High-density lipoprotein (HDL), the “good” cholesterol assists in maintaining arterial blood vessels clear. HDL helps take LDL cholesterol out of the arteries. Thus, it helps blood to circulate without restraint. Due to this advantage, a substantial quantity is much better when it comes to HDL levels. A score below 40 mg per dL (1 mmol/L) for men and 50 mg per dL (1.3 mmol/L) for women is known to be low. This places you at the threat of cardiovascular problems. A healthy HDL cholesterol is between 40 and 49 mg per dL (1 and 1.3 mmol/L) for men. As for women, it is between 50 and 59 mg per dL (1.3 and 1.5 mmol/L). When the level is higher than 60 mg per dL (1.6 mmol/L), it gives you some defense towards coronary heart illness.

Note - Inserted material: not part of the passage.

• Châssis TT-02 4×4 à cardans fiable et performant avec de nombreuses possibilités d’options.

Compare your HDL level with the table below:

HDL CholesterolCategory
Below 40 mg/dLLow (high heart disease risk)
From 40 to 59 mg/dLNormal but the higher the better
60 mg/dL and overBest (offers protection against heart disease)

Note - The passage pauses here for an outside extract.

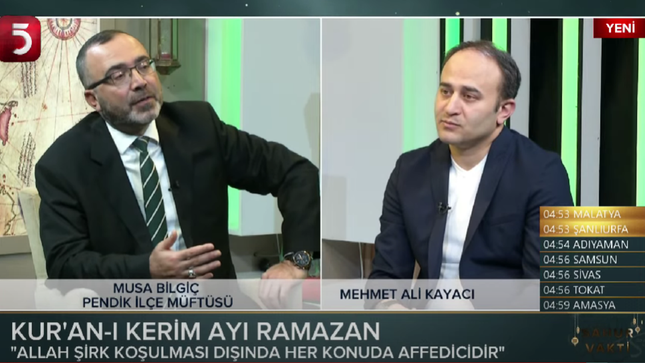 TV5 televizyonunda Mehmet Ali Kayacı’nın sunduğu Sahur Vakti Programına Pendik İlçe Müftüsü Musa Bilgiç konuk oldu. Rahmet ve bereket ayı olan Ramazan’a ilişkin konuşan Bilgiç, Kur’an-ı Kerim’in öneminden ve Müslümanca yaşamaya ilişkin açıklamalarda bulundu.

Triglycerides are a type of fat that originates from what you eat. Every eaten calorie not required by the body are transformed into triglycerides. After that, the body also deposits these in the form of fat. The levels of triglycerides are frequently elevated in individuals who are obese. This is also usually the same with people who have not enough physical exercise and follow a diet plan extremely loaded with carbs. Smokers and heavy drinkers are also subjected. The ideal level of triglycerides is lower than 150 mg per dL (1.7 mmol/L). The borderline number is between 150 and 199 mg per dL (1.7 and 2.2 mmol/L). Starting from 200 to 499 mg per dL (2.3 and 5.6 mmol/L) is known high, and whatever over 500 mg per dL (5.7 mmol/L) is very high.

Compare your Triglycerides level with the table below:

Triglycerides LevelCategory
Below 150 mg/dLIdeal
From 150 to 199 mg/dLBorderline high
From 200 to 499 mg/dLHigh
500 mg/dL and overVery high

Cholesterol chart: Total, LDL, HDL, Triglycerides

cholesterol chart - total, HDL, LDL, triglyceridesIt would be more convenient for everybody to interpret their cholesterol test results if only they could provide just one number as a result. Unfortunately, there exist multiple cholesterol types, as well as various ideal numbers for each. Some cholesterol is considered good, while other cholesterol is considered bad. Consequently, their respective numbers have to stay over or under a particular level, based on the particular type. A chart of cholesterol levels enables you to completely grasp, besides the meaning of those multiple figures, the positive and the negative or unhealthy ranges.

The chart here displays all 4 cholesterol numbers: HDL, LDL, triglycerides and also total cholesterol. It also displays the good ranges, along with risk zones pertaining to each one. The recommended measurements for the total cholesterol are below 200. As for triglycerides, it is below 150. HDL should be 50 plus, under 35 is very risky. Finally, LDL should be below 130. These numbers are in the unit of mg/dL (milligrams per deciliter of blood) in the USA. But, they can be in mmol/L (millimoles per liter) unit used in Europe, Canada, and other countries. Along with these pointers, it typically shows that a total cholesterol above 240, and triglycerides more than 500 is high risk. The chart furthermore indicates the borderline between ideal and risky zones. Keep in mind that these figures are standards and that the chart can be different based on the reference.